Medicare Case a Win For Patients
With Chronic, Debilitating Conditions, Disabilities

Patients on Medicare with chronic conditions and disabilities will no longer have to show improvement to get skilled care and therapy services, according to a proposed settlement of a class action suit, Jimmo v. Sebelius. The settlement clarifies the standard for Medicare coverage, ending the practice of denying coverage to patients deemed no longer able to improve, which was never part of the Medicare statute.  Proponents say that Medicare patients likely to benefit include those with disabling conditions, including multiple sclerosis, Parkinson’s disease, arthritis, stroke, and heart disease.

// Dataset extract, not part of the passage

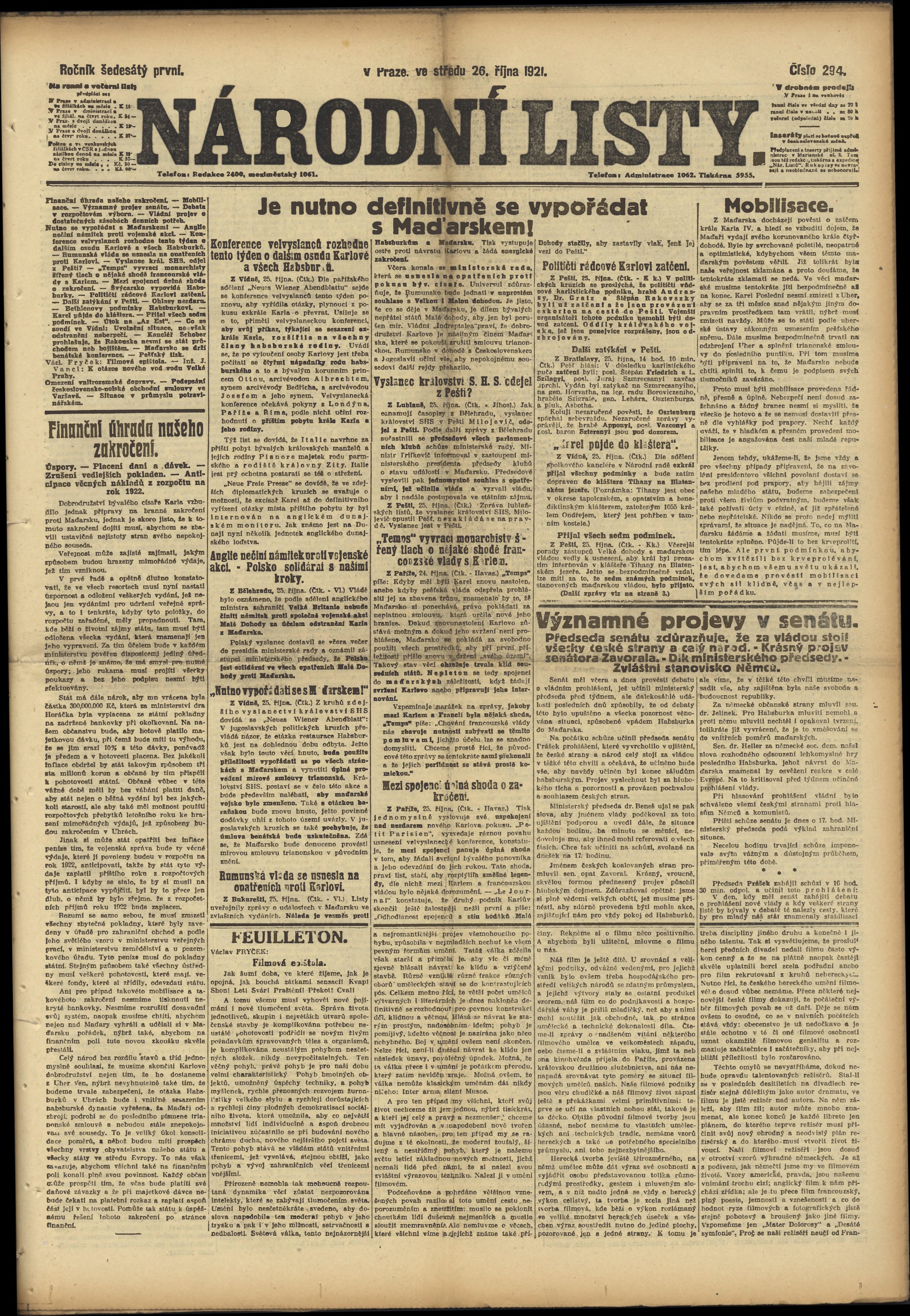 * Datum vydání výtisku: 26.10.1921 Číslo výtisku: 294 Poznámky k výtisku: ranní vydání;
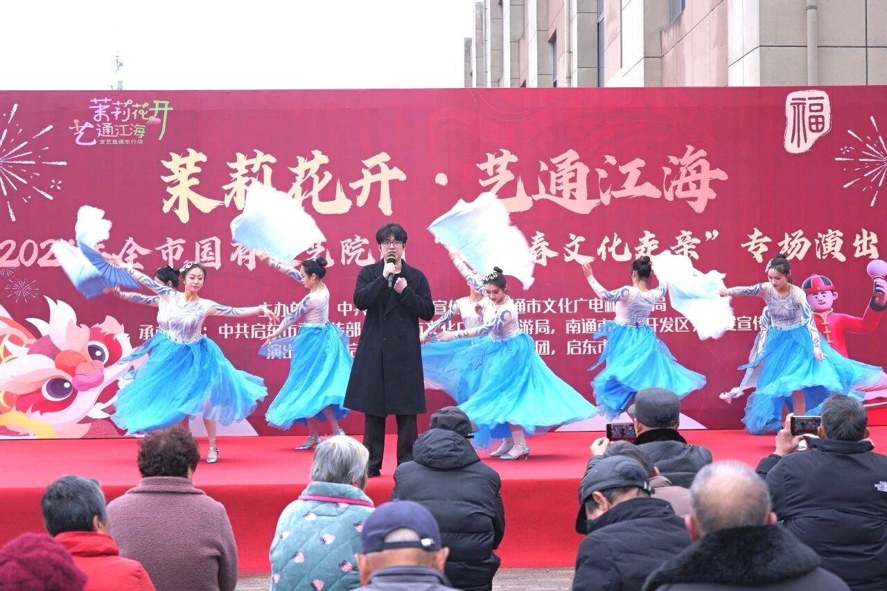 15日,随着海安市歌舞剧团专场文艺演出先后在通州区刘桥镇、通州湾团结社区上演,“茉莉花开·艺通江海”2026年全市国有文艺院团“贺新春文化走亲”专场演出圆满落幕。

“We were plaintiffs in this suit,” said David Chatel, Executive Vice President, Government Affairs, National Multiple Sclerosis Society, Washington, DC. Chatel was adamant that this is  “not a new benefit, but a clarification for patients that were inappropriately denied coverage.” Importantly, the Medicare statute never included an improvement requirement. However, patients seeking rehabilitative therapies (speech, physical therapy, and occupational therapy, for example)are frequently turned down because they failed to show progress. Once they fail to show progress, they are put into a “custodial” classification, not covered by Medicare. As a result, the practice has left patients likely to benefit from services abandoned by the system and at increased risk of further deterioration and hospitalization.

The Maintenance Standard

Under the settlement, Medicare must pay for:

  • outpatient therapy,
  • home health care, and
  • skilled nursing

if needed to “maintain the patient’s current condition, or prevent or slow further deterioration.”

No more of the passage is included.